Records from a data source
= = = = =

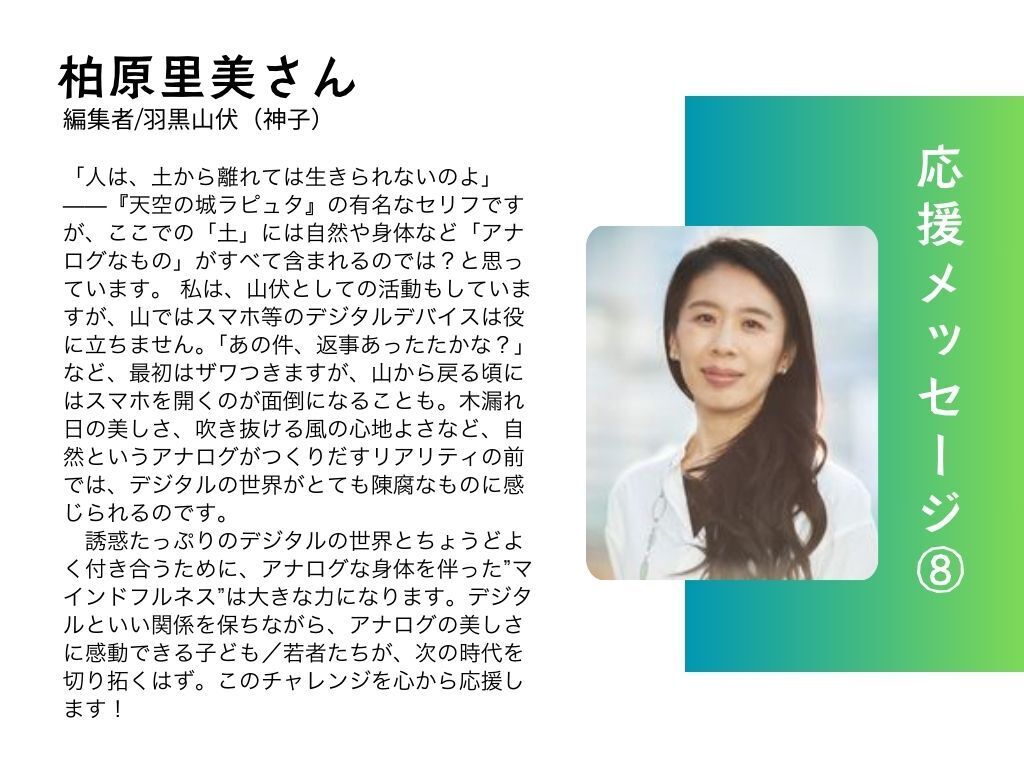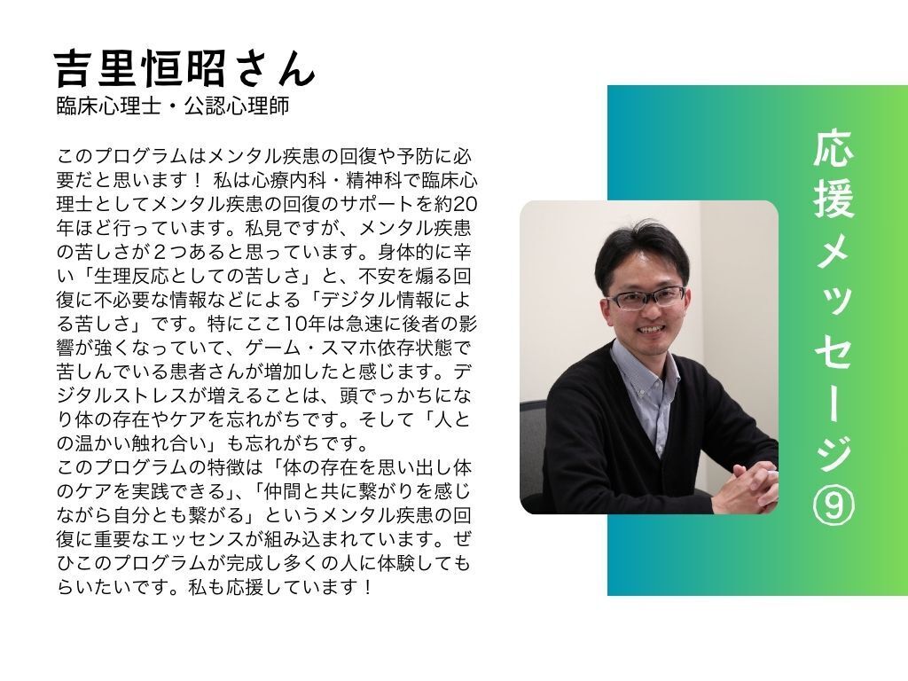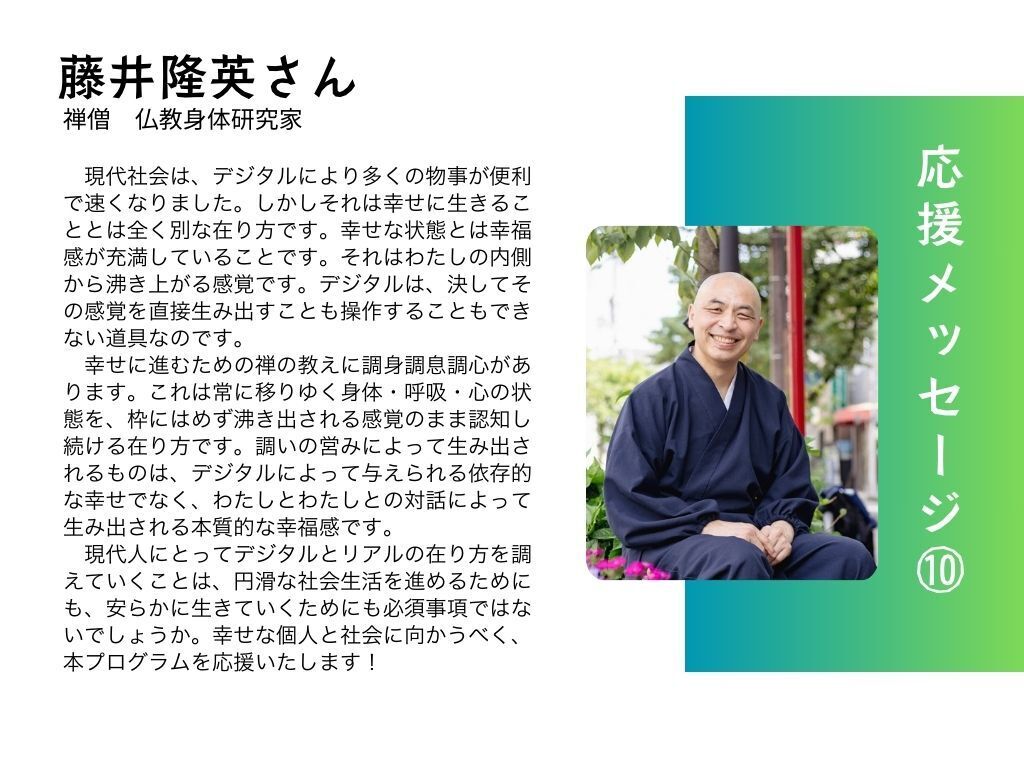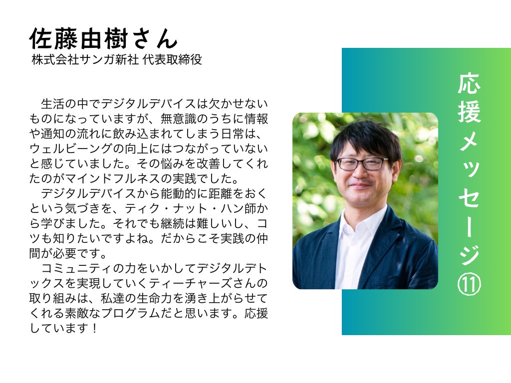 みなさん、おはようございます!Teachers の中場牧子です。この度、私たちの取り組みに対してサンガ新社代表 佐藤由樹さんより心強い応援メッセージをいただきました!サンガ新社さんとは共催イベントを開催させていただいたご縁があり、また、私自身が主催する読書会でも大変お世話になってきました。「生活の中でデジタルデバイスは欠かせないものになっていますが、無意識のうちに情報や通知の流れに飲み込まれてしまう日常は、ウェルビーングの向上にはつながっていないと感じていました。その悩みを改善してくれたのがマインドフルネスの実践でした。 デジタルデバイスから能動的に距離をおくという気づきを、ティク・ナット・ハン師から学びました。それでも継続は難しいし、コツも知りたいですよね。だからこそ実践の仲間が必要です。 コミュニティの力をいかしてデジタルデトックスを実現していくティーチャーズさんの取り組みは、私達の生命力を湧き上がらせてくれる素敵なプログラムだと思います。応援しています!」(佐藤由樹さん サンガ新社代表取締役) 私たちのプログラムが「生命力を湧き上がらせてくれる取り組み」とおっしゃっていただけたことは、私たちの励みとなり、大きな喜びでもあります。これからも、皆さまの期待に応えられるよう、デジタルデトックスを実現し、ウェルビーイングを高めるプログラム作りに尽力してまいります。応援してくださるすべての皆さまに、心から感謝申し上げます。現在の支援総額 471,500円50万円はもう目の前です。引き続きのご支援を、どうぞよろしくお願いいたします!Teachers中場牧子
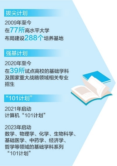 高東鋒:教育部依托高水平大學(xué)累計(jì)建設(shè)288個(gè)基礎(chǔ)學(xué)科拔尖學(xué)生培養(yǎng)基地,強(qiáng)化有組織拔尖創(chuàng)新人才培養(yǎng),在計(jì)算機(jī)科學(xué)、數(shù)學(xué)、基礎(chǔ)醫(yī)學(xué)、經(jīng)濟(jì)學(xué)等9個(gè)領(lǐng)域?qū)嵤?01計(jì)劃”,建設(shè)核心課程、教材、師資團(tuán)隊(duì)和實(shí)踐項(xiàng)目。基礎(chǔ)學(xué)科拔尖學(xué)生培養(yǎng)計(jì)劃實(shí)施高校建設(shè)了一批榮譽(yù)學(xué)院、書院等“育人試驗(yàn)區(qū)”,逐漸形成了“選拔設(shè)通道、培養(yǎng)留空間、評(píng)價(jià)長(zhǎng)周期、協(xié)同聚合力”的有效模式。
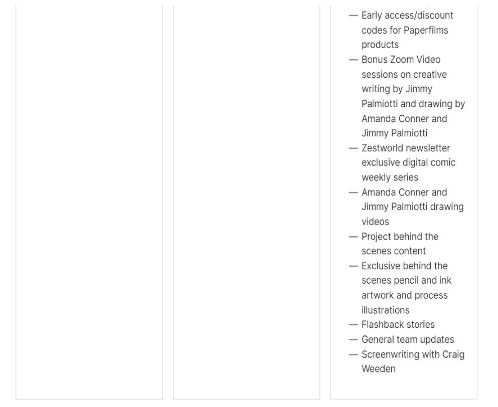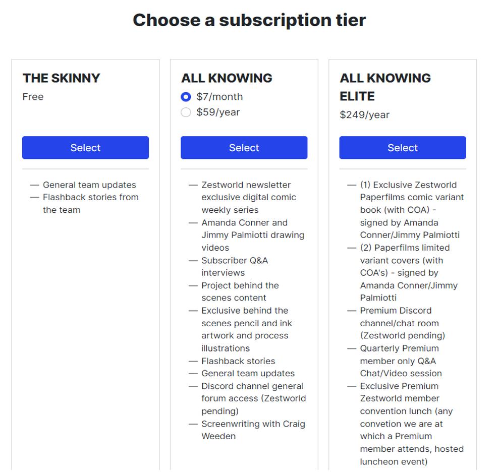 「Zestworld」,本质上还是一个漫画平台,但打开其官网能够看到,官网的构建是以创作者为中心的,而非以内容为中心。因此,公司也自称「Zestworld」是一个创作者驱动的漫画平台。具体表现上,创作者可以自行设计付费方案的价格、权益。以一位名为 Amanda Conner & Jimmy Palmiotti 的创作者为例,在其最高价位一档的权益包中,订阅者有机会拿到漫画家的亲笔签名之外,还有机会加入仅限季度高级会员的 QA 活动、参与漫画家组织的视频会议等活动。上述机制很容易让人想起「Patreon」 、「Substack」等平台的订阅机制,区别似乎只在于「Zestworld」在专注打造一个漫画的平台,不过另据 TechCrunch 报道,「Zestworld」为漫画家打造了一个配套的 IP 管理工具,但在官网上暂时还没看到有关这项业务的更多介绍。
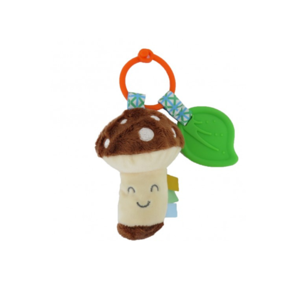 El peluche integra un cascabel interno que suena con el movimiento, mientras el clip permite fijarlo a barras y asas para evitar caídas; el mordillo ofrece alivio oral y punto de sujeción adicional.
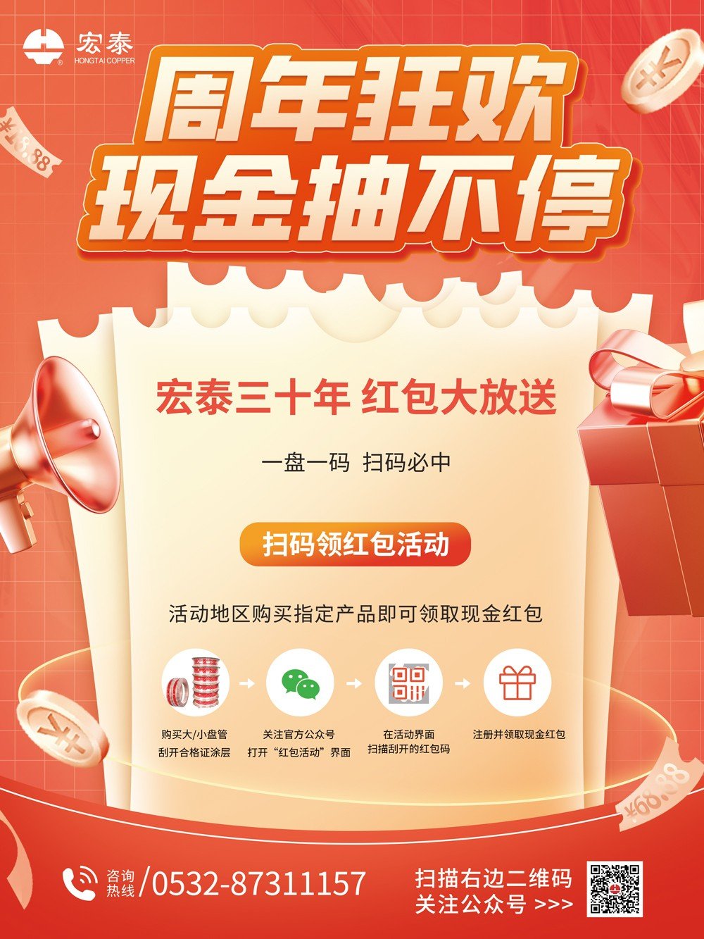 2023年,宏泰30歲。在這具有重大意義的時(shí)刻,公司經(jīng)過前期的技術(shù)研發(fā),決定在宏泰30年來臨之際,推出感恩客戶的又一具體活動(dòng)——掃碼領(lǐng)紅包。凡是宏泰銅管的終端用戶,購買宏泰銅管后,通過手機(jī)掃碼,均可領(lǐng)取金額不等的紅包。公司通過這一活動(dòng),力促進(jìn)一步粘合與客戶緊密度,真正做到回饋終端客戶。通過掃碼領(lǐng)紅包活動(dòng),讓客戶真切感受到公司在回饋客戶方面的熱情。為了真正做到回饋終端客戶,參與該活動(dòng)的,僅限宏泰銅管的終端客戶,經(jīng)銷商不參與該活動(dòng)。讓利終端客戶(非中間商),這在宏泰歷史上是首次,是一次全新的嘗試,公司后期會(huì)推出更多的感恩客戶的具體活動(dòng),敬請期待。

= = = = =

→ **Brief**
Copy every record above exactly, leaving out the pictures.

→ **Task result**
 みなさん、おはようございます!Teachers の中場牧子です。この度、私たちの取り組みに対してサンガ新社代表 佐藤由樹さんより心強い応援メッセージをいただきました!サンガ新社さんとは共催イベントを開催させていただいたご縁があり、また、私自身が主催する読書会でも大変お世話になってきました。「生活の中でデジタルデバイスは欠かせないものになっていますが、無意識のうちに情報や通知の流れに飲み込まれてしまう日常は、ウェルビーングの向上にはつながっていないと感じていました。その悩みを改善してくれたのがマインドフルネスの実践でした。 デジタルデバイスから能動的に距離をおくという気づきを、ティク・ナット・ハン師から学びました。それでも継続は難しいし、コツも知りたいですよね。だからこそ実践の仲間が必要です。 コミュニティの力をいかしてデジタルデトックスを実現していくティーチャーズさんの取り組みは、私達の生命力を湧き上がらせてくれる素敵なプログラムだと思います。応援しています!」(佐藤由樹さん サンガ新社代表取締役) 私たちのプログラムが「生命力を湧き上がらせてくれる取り組み」とおっしゃっていただけたことは、私たちの励みとなり、大きな喜びでもあります。これからも、皆さまの期待に応えられるよう、デジタルデトックスを実現し、ウェルビーイングを高めるプログラム作りに尽力してまいります。応援してくださるすべての皆さまに、心から感謝申し上げます。現在の支援総額 471,500円50万円はもう目の前です。引き続きのご支援を、どうぞよろしくお願いいたします!Teachers中場牧子
 高東鋒:教育部依托高水平大學(xué)累計(jì)建設(shè)288個(gè)基礎(chǔ)學(xué)科拔尖學(xué)生培養(yǎng)基地,強(qiáng)化有組織拔尖創(chuàng)新人才培養(yǎng),在計(jì)算機(jī)科學(xué)、數(shù)學(xué)、基礎(chǔ)醫(yī)學(xué)、經(jīng)濟(jì)學(xué)等9個(gè)領(lǐng)域?qū)嵤?01計(jì)劃”,建設(shè)核心課程、教材、師資團(tuán)隊(duì)和實(shí)踐項(xiàng)目。基礎(chǔ)學(xué)科拔尖學(xué)生培養(yǎng)計(jì)劃實(shí)施高校建設(shè)了一批榮譽(yù)學(xué)院、書院等“育人試驗(yàn)區(qū)”,逐漸形成了“選拔設(shè)通道、培養(yǎng)留空間、評(píng)價(jià)長(zhǎng)周期、協(xié)同聚合力”的有效模式。
 「Zestworld」,本质上还是一个漫画平台,但打开其官网能够看到,官网的构建是以创作者为中心的,而非以内容为中心。因此,公司也自称「Zestworld」是一个创作者驱动的漫画平台。具体表现上,创作者可以自行设计付费方案的价格、权益。以一位名为 Amanda Conner & Jimmy Palmiotti 的创作者为例,在其最高价位一档的权益包中,订阅者有机会拿到漫画家的亲笔签名之外,还有机会加入仅限季度高级会员的 QA 活动、参与漫画家组织的视频会议等活动。上述机制很容易让人想起「Patreon」 、「Substack」等平台的订阅机制,区别似乎只在于「Zestworld」在专注打造一个漫画的平台,不过另据 TechCrunch 报道,「Zestworld」为漫画家打造了一个配套的 IP 管理工具,但在官网上暂时还没看到有关这项业务的更多介绍。
 El peluche integra un cascabel interno que suena con el movimiento, mientras el clip permite fijarlo a barras y asas para evitar caídas; el mordillo ofrece alivio oral y punto de sujeción adicional.
 2023年,宏泰30歲。在這具有重大意義的時(shí)刻,公司經(jīng)過前期的技術(shù)研發(fā),決定在宏泰30年來臨之際,推出感恩客戶的又一具體活動(dòng)——掃碼領(lǐng)紅包。凡是宏泰銅管的終端用戶,購買宏泰銅管后,通過手機(jī)掃碼,均可領(lǐng)取金額不等的紅包。公司通過這一活動(dòng),力促進(jìn)一步粘合與客戶緊密度,真正做到回饋終端客戶。通過掃碼領(lǐng)紅包活動(dòng),讓客戶真切感受到公司在回饋客戶方面的熱情。為了真正做到回饋終端客戶,參與該活動(dòng)的,僅限宏泰銅管的終端客戶,經(jīng)銷商不參與該活動(dòng)。讓利終端客戶(非中間商),這在宏泰歷史上是首次,是一次全新的嘗試,公司后期會(huì)推出更多的感恩客戶的具體活動(dòng),敬請期待。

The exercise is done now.